Joan stands at the front window and the whole of the marketplace is on view. At the Dalai Lama’s compound, under its white tent, a broad crowd funnels into the courtyard to listen to the debating monks. The colorful prayer flags flutter in the late afternoon fall breeze.

From her bag, Joan takes out her own present to Camille, a shawl hand-woven by a woman named Pema who sits surrounded by skeins of wool at the back of her shop in the Kotwali Bazaar. The knitting woman reminded Joan of Carla, and the shop Carla used to own in Rhome, Craftables, just off Strada di Felicità, the last of the Pregnant Six to give up the lives they had led before motherhood.

“You didn’t have to, but I’m so glad you did,” Camille says, ripping off the paper, opening the box, carefully pulling out the shawl.

Joan had chosen carefully. Luxurious and oversized, in various grays lighter and darker than Camille’s flint bun, with a vermilion stripe to remind her of Ela’s own parted stripe and bindi.
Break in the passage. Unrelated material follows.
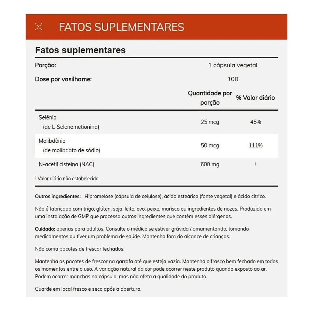 A N-acetilcisteína (NAC) é uma forma estável não essencial do aminoácido L-cisteína. É um aminoácido que contém enxofre e age como estabilizante na formação de estruturas proteicas, além de ser necessário para a formação da glutationa. O Molibdênio e o selênio são minerais traço essenciais que facilitam a produção de diversas enzimas importantes. Uso Sugerido Tome 1 cápsula duas vezes ao dia. Outros Ingredientes Celulose (cápsula), ácido esteárico (fonte vegetal) e ácido cítrico. Não fabricado com ingredientes de trigo, glúten, soja, leite, ovo, peixe, marisco ou nozes. Produzido em uma instalação GMP que processa outros ingredientes que contenham esses alérgenos. Advertências Após aberto, armazene em local fresco e seco. Atenção Produto destinado somente para adultos. Consulte um médico caso esteja grávida/amamentando, tomando algum medicamento ou possua algum problema de saúde. Mantenha fora do alcance de crianças. Não consuma os sachês. Conserve dentro do frasco. Podem ocorrer variações naturais na coloração do produto. Fatos suplementares Tamanho da dose: 1 cápsula Veg Quantidade por porção %Valor diário Selênio (Da L-Selenomethionine) 25 mcg 45% Molibdênio (De Molybdate de sódio) 50 mcg 111% N-Acetil Cisteína (NAC) 600 mg † †Valor diário não estabelecido. Produto isento de registro conforme RDC 27/08/2010

“Absolutely perfect,” Camille says, twirling around, ducking into her small bedroom to look at herself in the mirror. “I’ll wear it constantly. Now, sit down, I’ll make us some tea. There are a few things for us to talk about.”

When their teacups are filled, and the teapot and a plate of Nakhatai cookies that Camille says she baked herself, “Eggless with cardamom,” are on the table, Camille sets a bag on the floor near her chair.

“First, Eric is your son, yes?”

Joan was not expecting this. “Yes.”

“And you have another son, don’t you?”

“Yes.”

And she remembers Daniel asking her questions the same way—was she a writer, did she have books published, was she writing anything then? And she remembers the answers she gave him: yes, yes, no. The third answer, the no, a lie. She had been writing Words of New Beginnings.

“And the other son, he’s the reason you’re here?”

Joan can’t return to the discovery of her novel stolen and chopped into two, Daniel’s identical Lewis Carroll acknowledgments at the back of J. D. Henry’s books.